Supplied material ▸
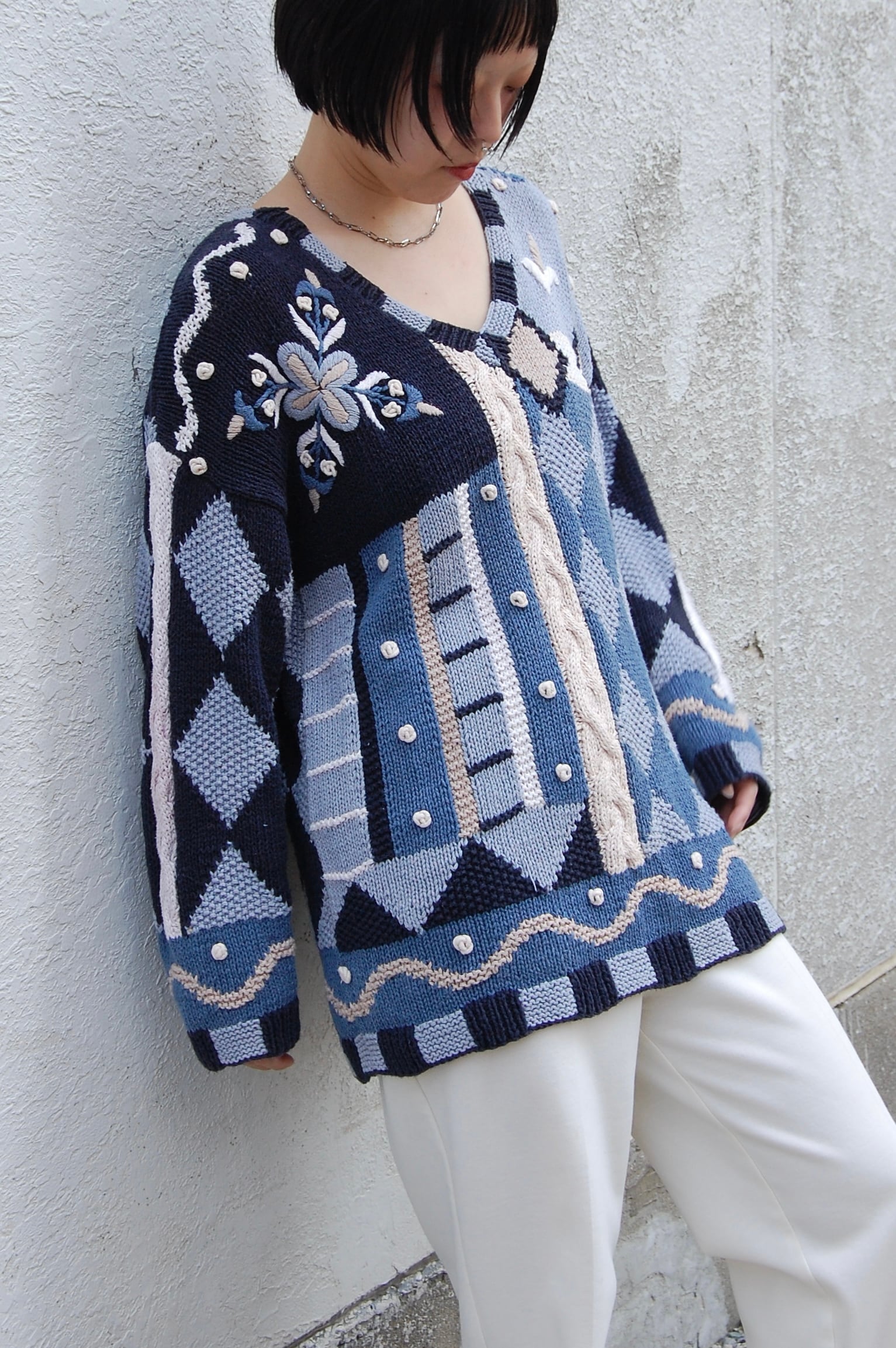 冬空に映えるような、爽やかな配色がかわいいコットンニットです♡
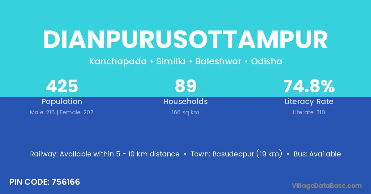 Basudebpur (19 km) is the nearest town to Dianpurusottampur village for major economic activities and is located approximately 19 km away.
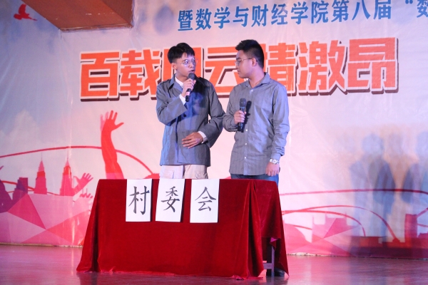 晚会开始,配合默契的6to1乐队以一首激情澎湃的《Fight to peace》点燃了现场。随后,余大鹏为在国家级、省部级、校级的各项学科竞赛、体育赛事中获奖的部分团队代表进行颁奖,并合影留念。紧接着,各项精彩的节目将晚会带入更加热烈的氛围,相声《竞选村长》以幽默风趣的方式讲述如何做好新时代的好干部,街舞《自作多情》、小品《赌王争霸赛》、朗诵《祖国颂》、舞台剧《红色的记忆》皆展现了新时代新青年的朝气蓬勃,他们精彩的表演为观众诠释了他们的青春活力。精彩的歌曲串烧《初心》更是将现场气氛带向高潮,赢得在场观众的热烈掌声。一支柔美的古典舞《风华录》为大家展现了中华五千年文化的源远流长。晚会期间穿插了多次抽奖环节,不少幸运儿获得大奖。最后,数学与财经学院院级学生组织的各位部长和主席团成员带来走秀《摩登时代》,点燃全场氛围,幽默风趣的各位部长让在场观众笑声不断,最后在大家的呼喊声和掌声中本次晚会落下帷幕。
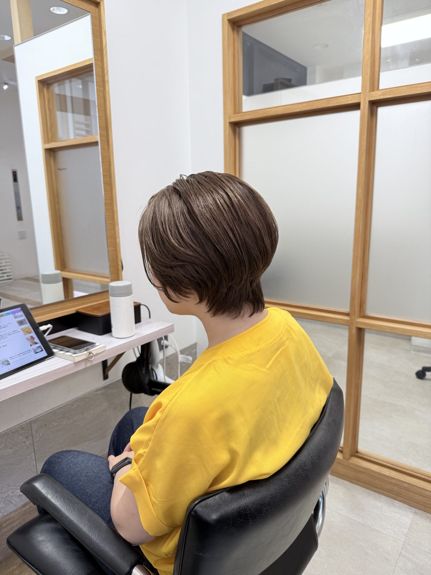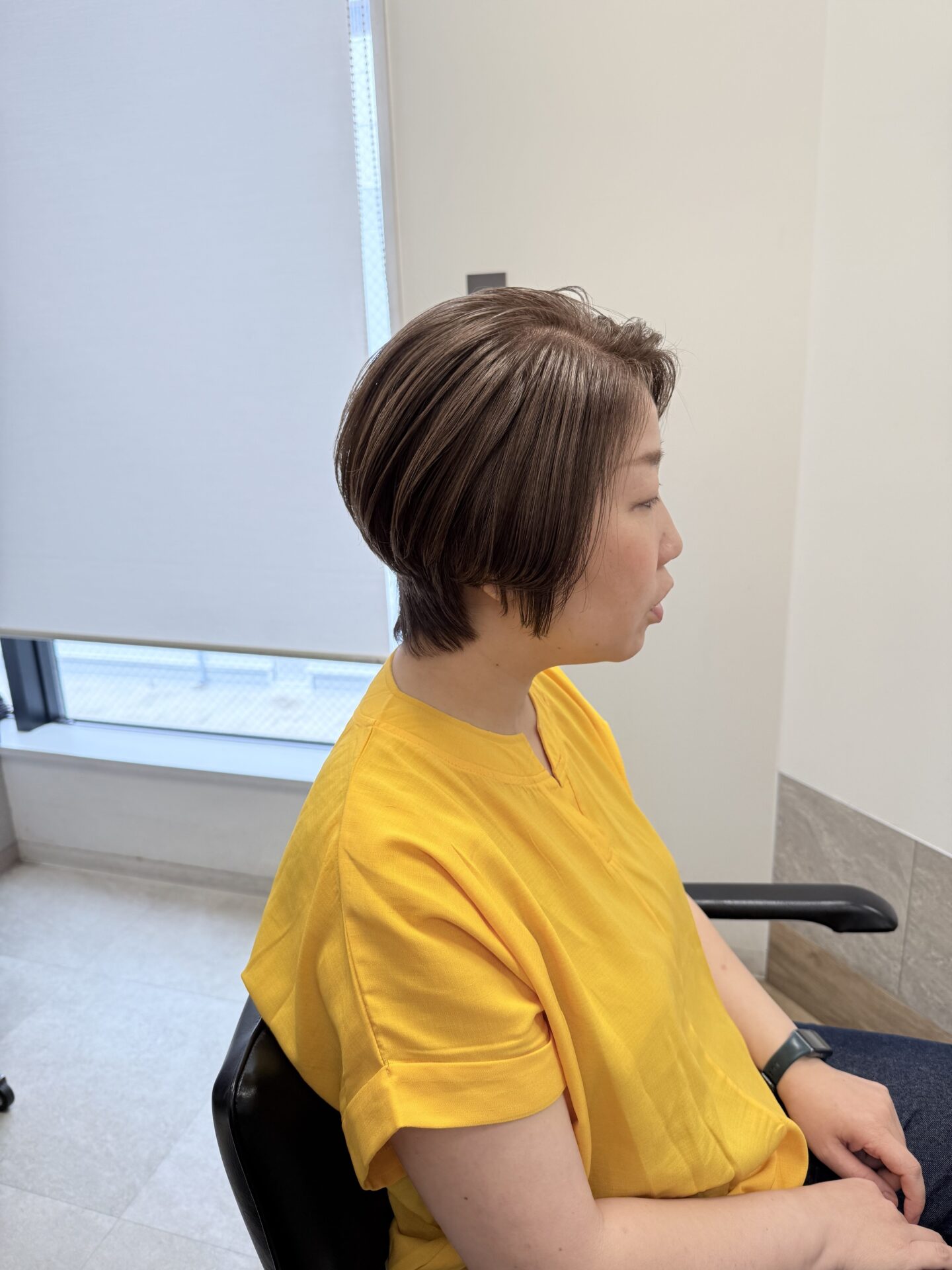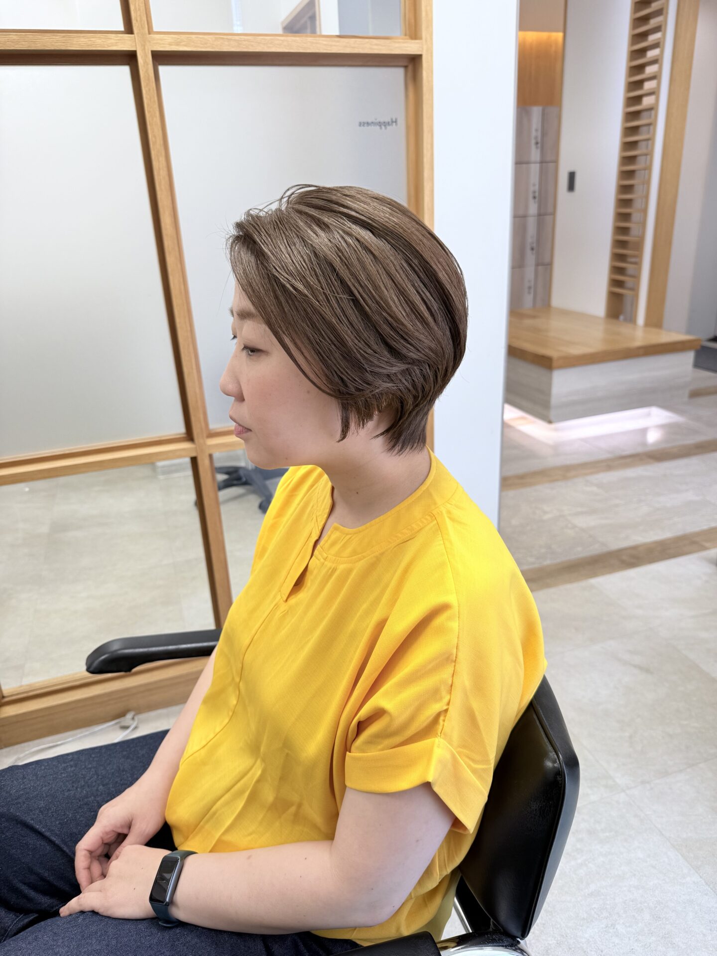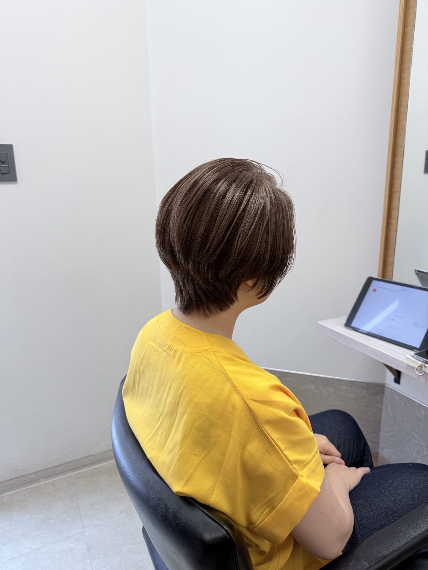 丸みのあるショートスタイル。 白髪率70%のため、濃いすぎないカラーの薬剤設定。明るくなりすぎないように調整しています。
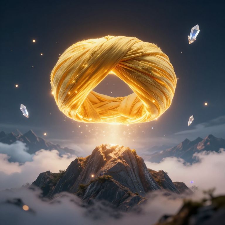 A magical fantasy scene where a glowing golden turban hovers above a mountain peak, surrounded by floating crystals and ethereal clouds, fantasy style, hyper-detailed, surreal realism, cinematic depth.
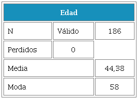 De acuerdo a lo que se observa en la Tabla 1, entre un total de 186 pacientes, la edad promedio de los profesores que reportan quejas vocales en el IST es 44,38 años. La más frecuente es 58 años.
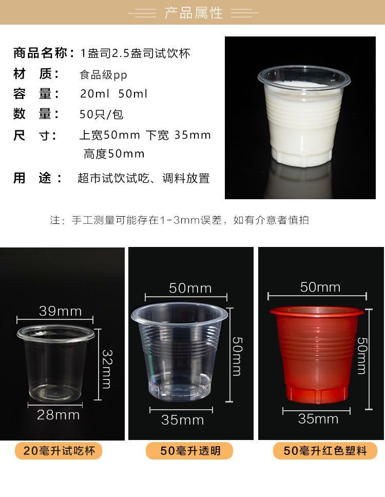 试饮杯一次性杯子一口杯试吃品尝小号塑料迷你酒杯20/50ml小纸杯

Try it ▸ Please give all of the data again, exact and free of pictures.

Written answer ▸
 冬空に映えるような、爽やかな配色がかわいいコットンニットです♡
 Basudebpur (19 km) is the nearest town to Dianpurusottampur village for major economic activities and is located approximately 19 km away.
 晚会开始,配合默契的6to1乐队以一首激情澎湃的《Fight to peace》点燃了现场。随后,余大鹏为在国家级、省部级、校级的各项学科竞赛、体育赛事中获奖的部分团队代表进行颁奖,并合影留念。紧接着,各项精彩的节目将晚会带入更加热烈的氛围,相声《竞选村长》以幽默风趣的方式讲述如何做好新时代的好干部,街舞《自作多情》、小品《赌王争霸赛》、朗诵《祖国颂》、舞台剧《红色的记忆》皆展现了新时代新青年的朝气蓬勃,他们精彩的表演为观众诠释了他们的青春活力。精彩的歌曲串烧《初心》更是将现场气氛带向高潮,赢得在场观众的热烈掌声。一支柔美的古典舞《风华录》为大家展现了中华五千年文化的源远流长。晚会期间穿插了多次抽奖环节,不少幸运儿获得大奖。最后,数学与财经学院院级学生组织的各位部长和主席团成员带来走秀《摩登时代》,点燃全场氛围,幽默风趣的各位部长让在场观众笑声不断,最后在大家的呼喊声和掌声中本次晚会落下帷幕。
 丸みのあるショートスタイル。 白髪率70%のため、濃いすぎないカラーの薬剤設定。明るくなりすぎないように調整しています。
 A magical fantasy scene where a glowing golden turban hovers above a mountain peak, surrounded by floating crystals and ethereal clouds, fantasy style, hyper-detailed, surreal realism, cinematic depth.
 De acuerdo a lo que se observa en la Tabla 1, entre un total de 186 pacientes, la edad promedio de los profesores que reportan quejas vocales en el IST es 44,38 años. La más frecuente es 58 años.
 试饮杯一次性杯子一口杯试吃品尝小号塑料迷你酒杯20/50ml小纸杯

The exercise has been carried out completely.